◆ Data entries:
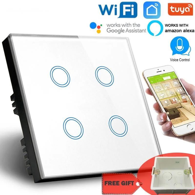 12348 банды Смарт настенный выключатель Wi-Fi и с украшением в виде кристаллов Стекло Беспроводной Выключатель Света приложение Tuya WIFI Пульт дистанционного управления с google дома alexa
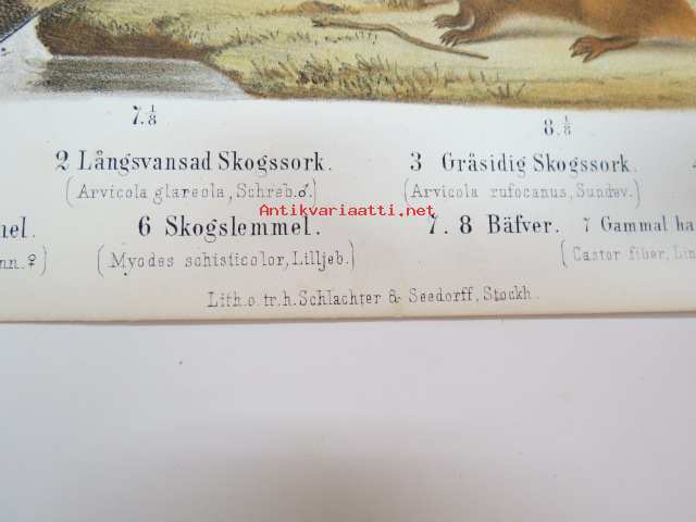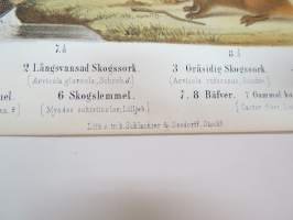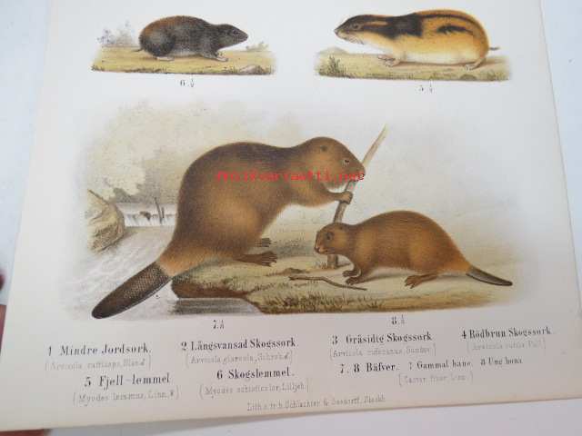 Mindre Jordork, Långsvansad Skogsork, Gråsidig Skogsork, Rödbrun Skogsork, Fjel-lemmel, Skogslemmel, Bäfver / Myyrä, majava -painokuva Schlachter & Seedorff,
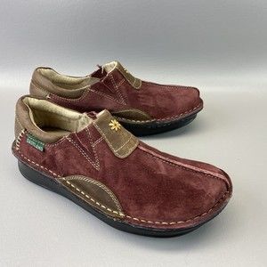 Eastland Roll Call Women's 7M Burgundy Suede Leather Clog Wedge Loafer Shoes
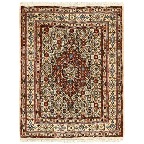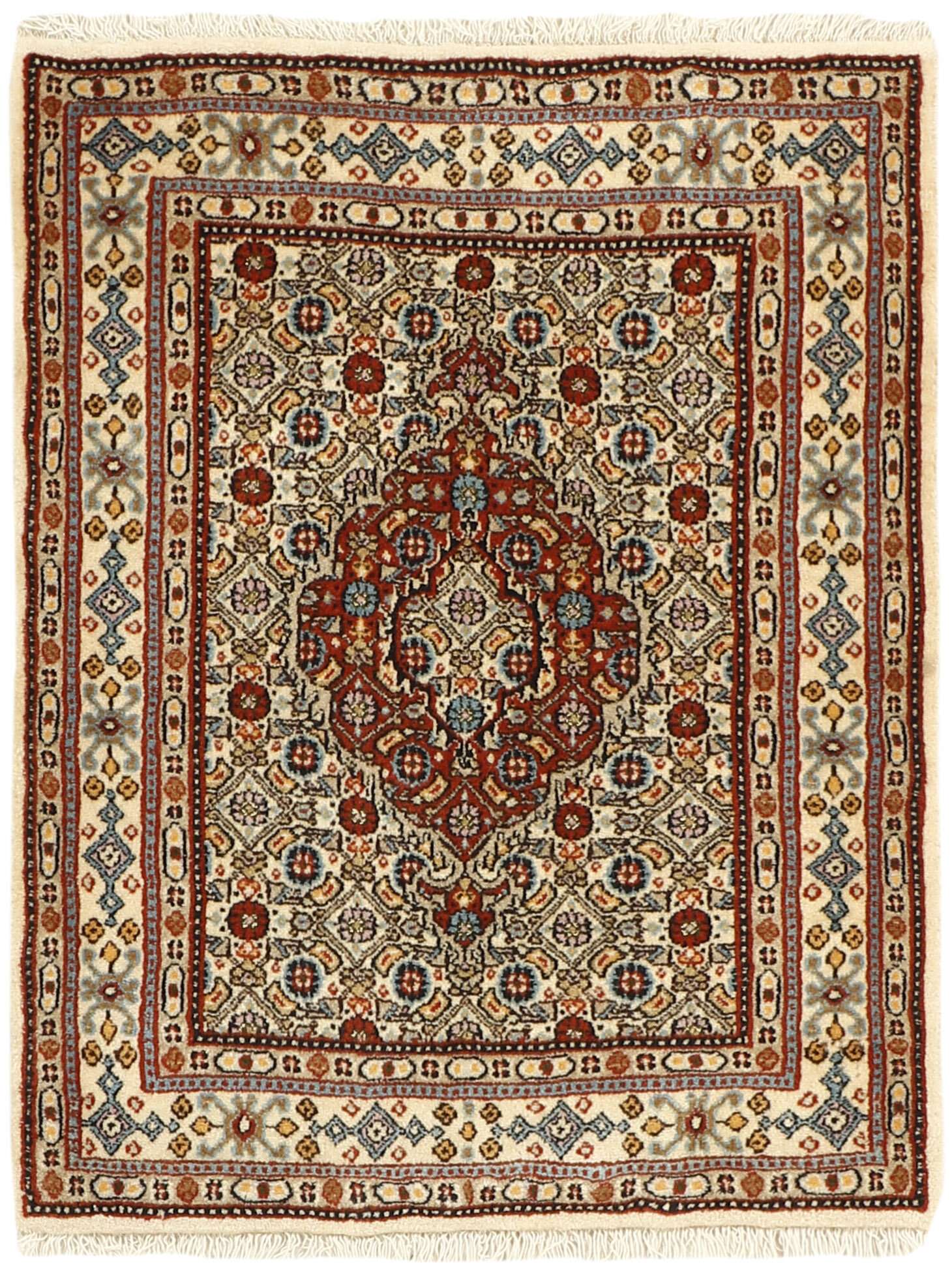 Moud est une petite ville au sud de Mashad, dans la province de Khorrasan. Les tapis de cette région se caractérisent par l'homogénéité de leurs motifs et de leur qualité. La chaîne et la trame sont en coton et le velours en laine. Les bordures sont une version de la bordure persane traditionnelle en tortue. Les tapis sont fabriqués dans toutes les tailles. Les tapis Moud sont souvent copiés en Inde, en raison de leur remarquable homogénéité. Les motifs caractéristiques de Moud sont parmi les plus uniformes, les plus réguliers et les plus facilement reconnaissables de la province de Khorrasan. Les Moud Mahi sont fabriqués dans des tons beige, rouge clair ou bleu, avec des motifs Mahi sur toute la surface ou avec un médaillon en forme d'étoile. Mahi signifie poisson et le motif Mahi est le motif le plus couramment utilisé dans les véritables tapis persans. En l'observant de près, vous pouvez voir un étang entouré de quatre poissons.
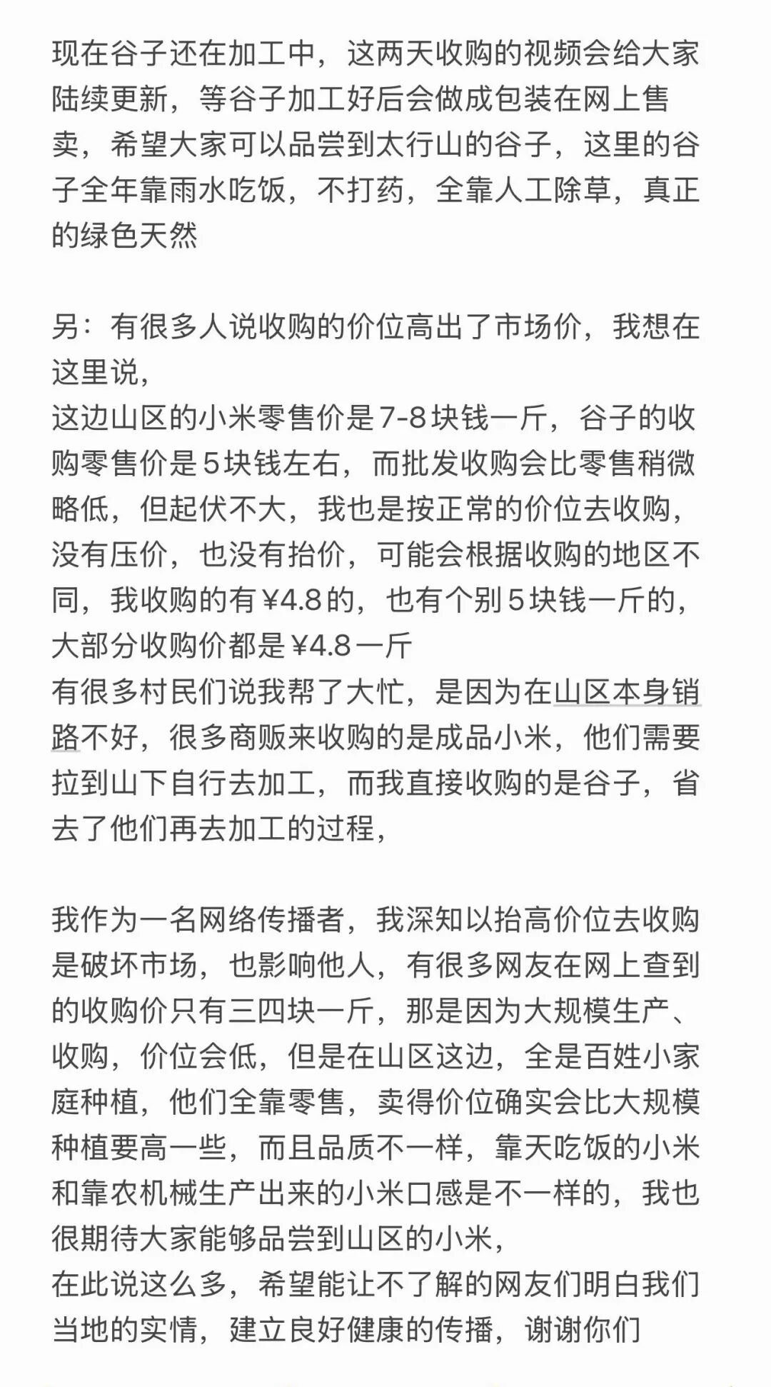 李福貴下鄉(xiāng)收帶殼谷子,被質(zhì)疑遠(yuǎn)高于市場(chǎng)價(jià),本人發(fā)聲明回應(yīng)
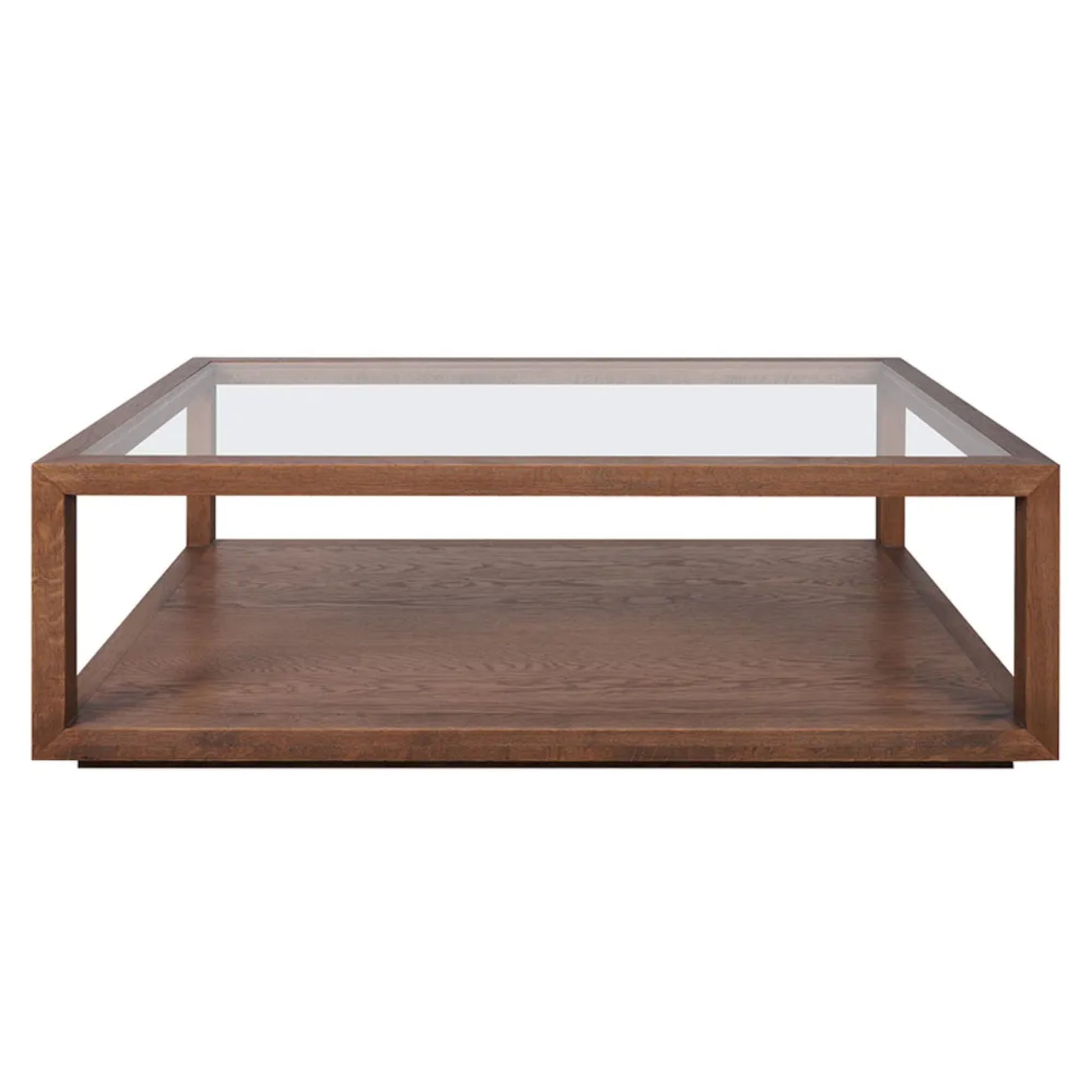 The Sadie Oak Rectangle Coffee Table brings understated luxury to your living space with its striking combination of brushed oak wood and pristine tempered glass.
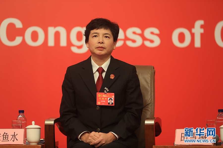 ??? 10月19日,十九大新聞中心舉辦集體采訪,邀請政法戰(zhàn)線代表談全面推進依法治國。圖為北京知識產(chǎn)權(quán)法院黨組成員、副院長宋魚水。新華網(wǎng) 郝廣鵬攝
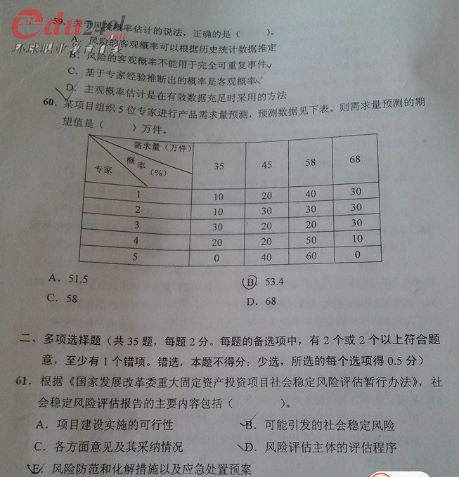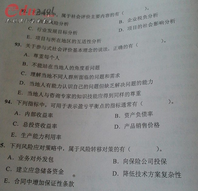 摘要 咨詢工程師考試《決策分析與評價》真題
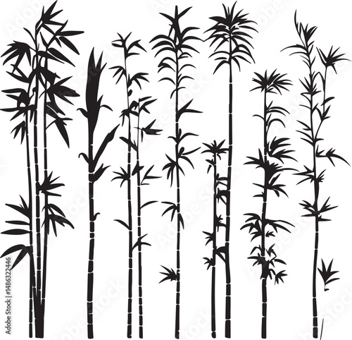 Black Bamboo Silhouette Vector Illustration, Nature, Design, Art
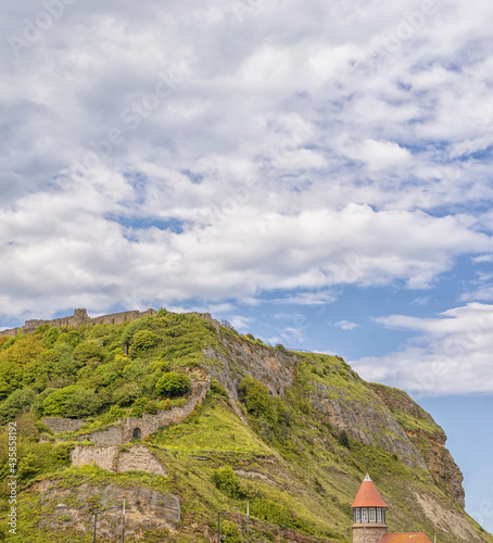 east coast, north sea, scarborough, britain, yorkshire, arch, architecture, archway, block, building, castle, cliff, cloud, coast, coastal, conical, foliage, grass, heritage, hill, hillside, historic, history, landscape, mediaeval, netting, old, roof, round, sheer, sky, skyline, infused, stone, tower, tree, uphill, wall

◆ What the exercise asks: Drop the images; copy every entry above exactly.

◆ Answer box:
 12348 банды Смарт настенный выключатель Wi-Fi и с украшением в виде кристаллов Стекло Беспроводной Выключатель Света приложение Tuya WIFI Пульт дистанционного управления с google дома alexa
 Mindre Jordork, Långsvansad Skogsork, Gråsidig Skogsork, Rödbrun Skogsork, Fjel-lemmel, Skogslemmel, Bäfver / Myyrä, majava -painokuva Schlachter & Seedorff,
 Eastland Roll Call Women's 7M Burgundy Suede Leather Clog Wedge Loafer Shoes
 Moud est une petite ville au sud de Mashad, dans la province de Khorrasan. Les tapis de cette région se caractérisent par l'homogénéité de leurs motifs et de leur qualité. La chaîne et la trame sont en coton et le velours en laine. Les bordures sont une version de la bordure persane traditionnelle en tortue. Les tapis sont fabriqués dans toutes les tailles. Les tapis Moud sont souvent copiés en Inde, en raison de leur remarquable homogénéité. Les motifs caractéristiques de Moud sont parmi les plus uniformes, les plus réguliers et les plus facilement reconnaissables de la province de Khorrasan. Les Moud Mahi sont fabriqués dans des tons beige, rouge clair ou bleu, avec des motifs Mahi sur toute la surface ou avec un médaillon en forme d'étoile. Mahi signifie poisson et le motif Mahi est le motif le plus couramment utilisé dans les véritables tapis persans. En l'observant de près, vous pouvez voir un étang entouré de quatre poissons.
 李福貴下鄉(xiāng)收帶殼谷子,被質(zhì)疑遠(yuǎn)高于市場(chǎng)價(jià),本人發(fā)聲明回應(yīng)
 The Sadie Oak Rectangle Coffee Table brings understated luxury to your living space with its striking combination of brushed oak wood and pristine tempered glass.
 ??? 10月19日,十九大新聞中心舉辦集體采訪,邀請政法戰(zhàn)線代表談全面推進依法治國。圖為北京知識產(chǎn)權(quán)法院黨組成員、副院長宋魚水。新華網(wǎng) 郝廣鵬攝
 摘要 咨詢工程師考試《決策分析與評價》真題
 Black Bamboo Silhouette Vector Illustration, Nature, Design, Art
 east coast, north sea, scarborough, britain, yorkshire, arch, architecture, archway, block, building, castle, cliff, cloud, coast, coastal, conical, foliage, grass, heritage, hill, hillside, historic, history, landscape, mediaeval, netting, old, roof, round, sheer, sky, skyline, infused, stone, tower, tree, uphill, wall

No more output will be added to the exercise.